▶ _INFORMATION SHOWN_

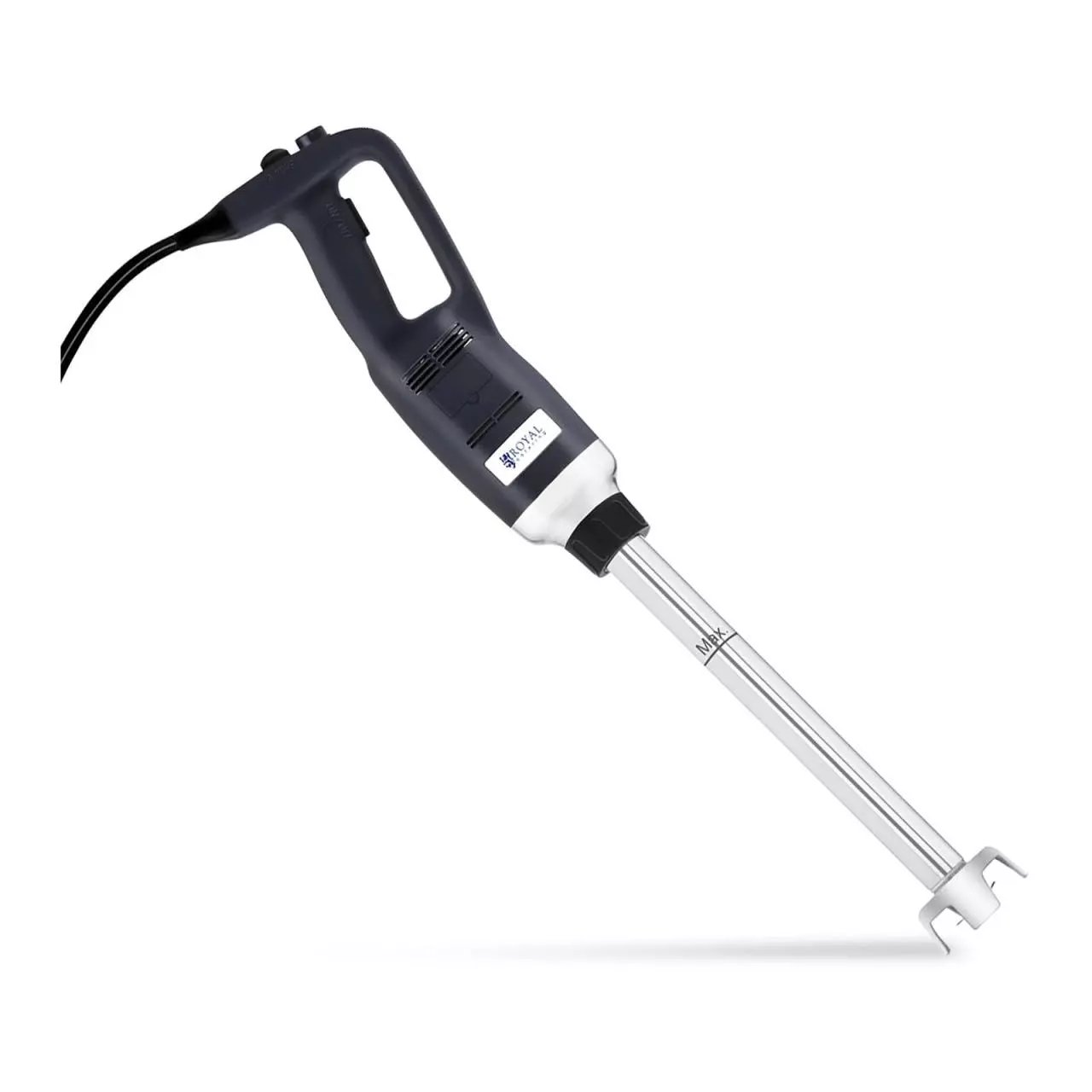 Stabmixer – 500 W – 400 mm – einstellbare Geschwindigkeit – 4.000 bis 16.000 U/min Einen frischen Smoothie zubereiten, eine Suppe pürieren oder schnell noch ein köstliches Dessert aus Erdbeeren zaubern, den Stabmixer RCSM-500-400P von Royal Catering können Sie vielseitig einsetzen, um das Catering bei der nächsten Veranstaltung oder das Büffet in Ihrem Hotel mit abwechslungsreichen Speisen zu erweitern.
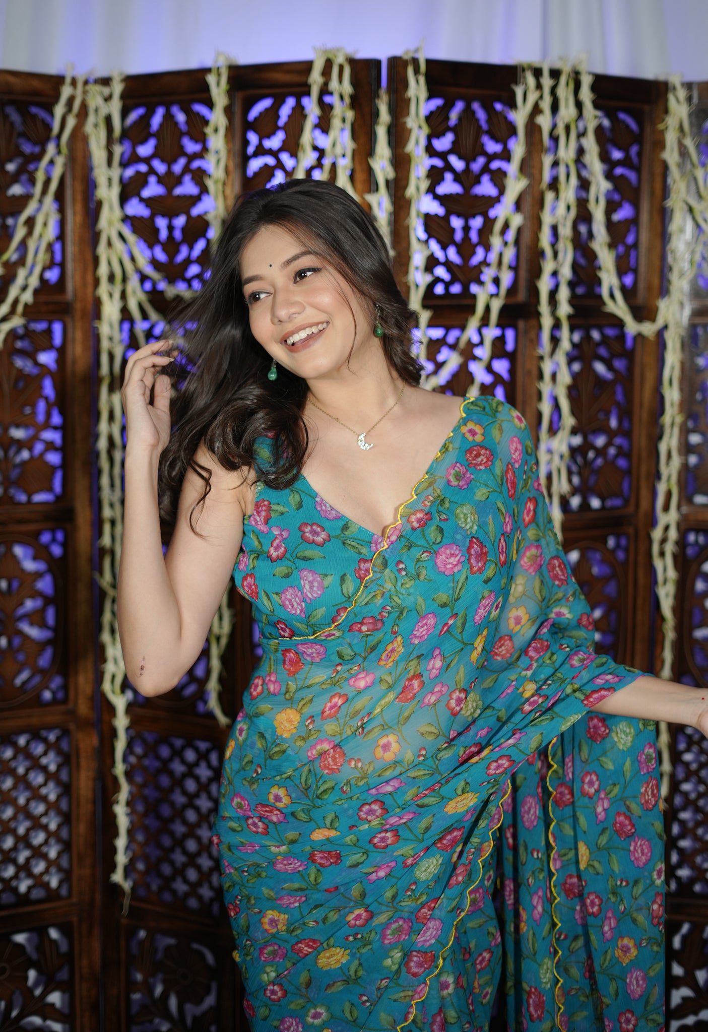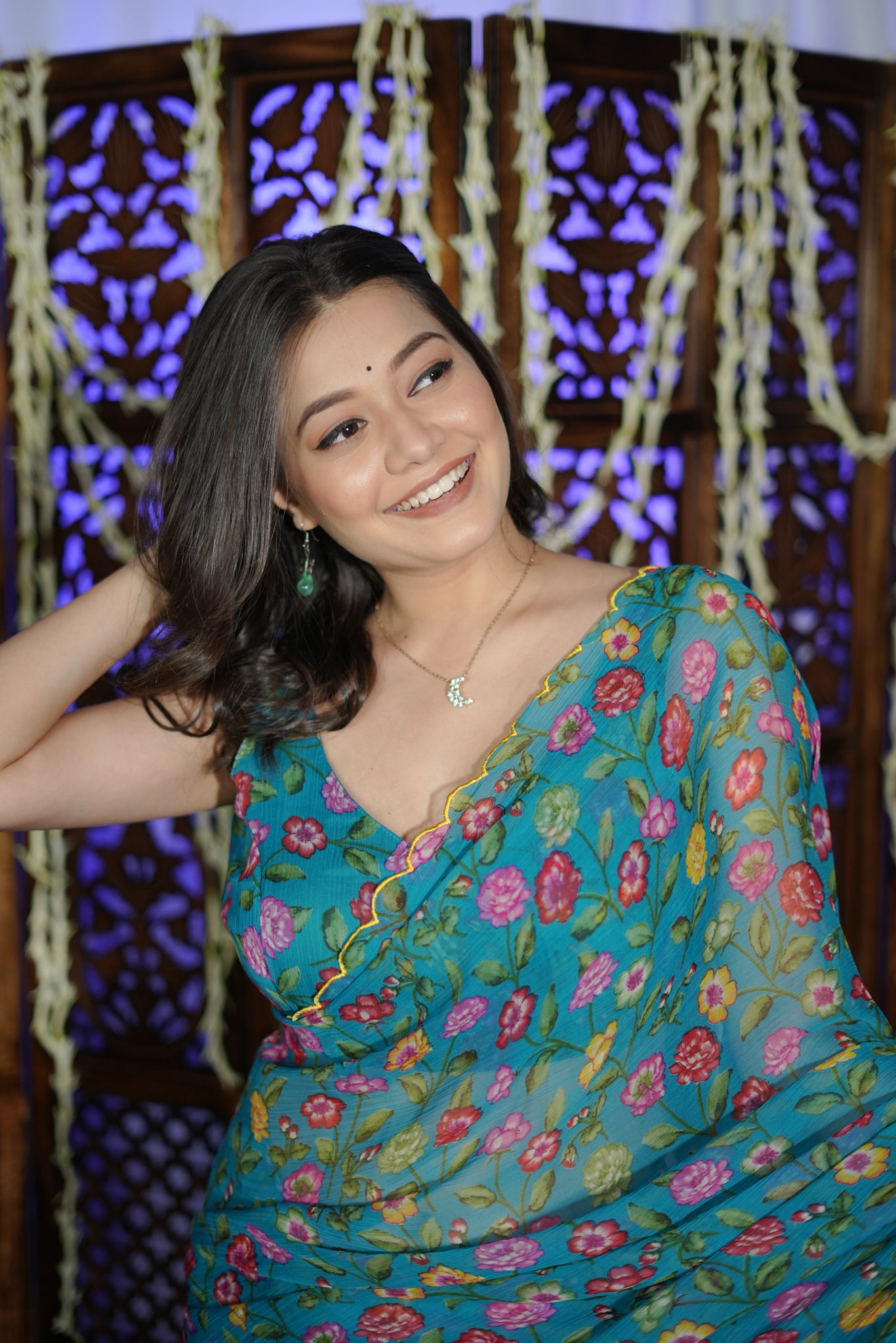 Disclaimer: The pictures are clicked in daylight. Color may vary slightly from the image due to the screen brightness. The model is wearing KHUSBOO CHIFFON SAREE.
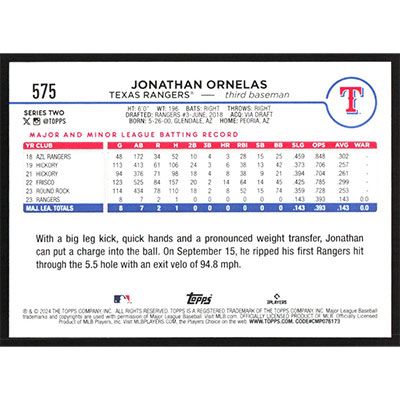 This is a 2024 Topps Jonathan Ornelas baseball card. The card is #575 and pictures show condition.
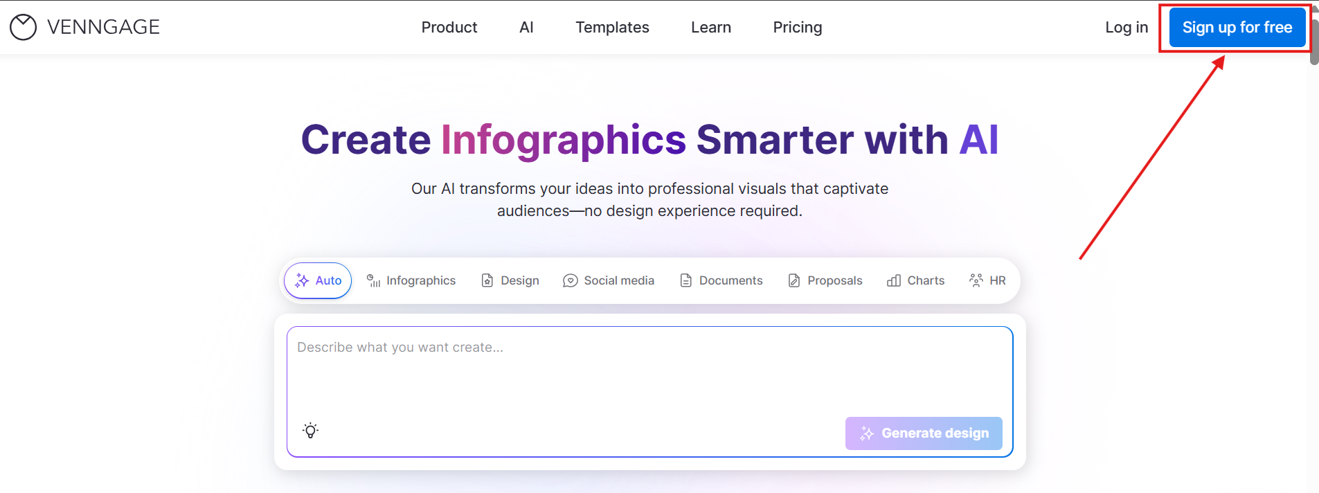 Rendez-vous sur Venngage.com et cliquez sur S’inscrire gratuitement.

▶ _ABOUT THIS TASK_
Copy out the data exactly and keep the pictures out.

▶ _ANSWER SPACE_
 Stabmixer – 500 W – 400 mm – einstellbare Geschwindigkeit – 4.000 bis 16.000 U/min Einen frischen Smoothie zubereiten, eine Suppe pürieren oder schnell noch ein köstliches Dessert aus Erdbeeren zaubern, den Stabmixer RCSM-500-400P von Royal Catering können Sie vielseitig einsetzen, um das Catering bei der nächsten Veranstaltung oder das Büffet in Ihrem Hotel mit abwechslungsreichen Speisen zu erweitern.
 Disclaimer: The pictures are clicked in daylight. Color may vary slightly from the image due to the screen brightness. The model is wearing KHUSBOO CHIFFON SAREE.
 This is a 2024 Topps Jonathan Ornelas baseball card. The card is #575 and pictures show condition.
 Rendez-vous sur Venngage.com et cliquez sur S’inscrire gratuitement.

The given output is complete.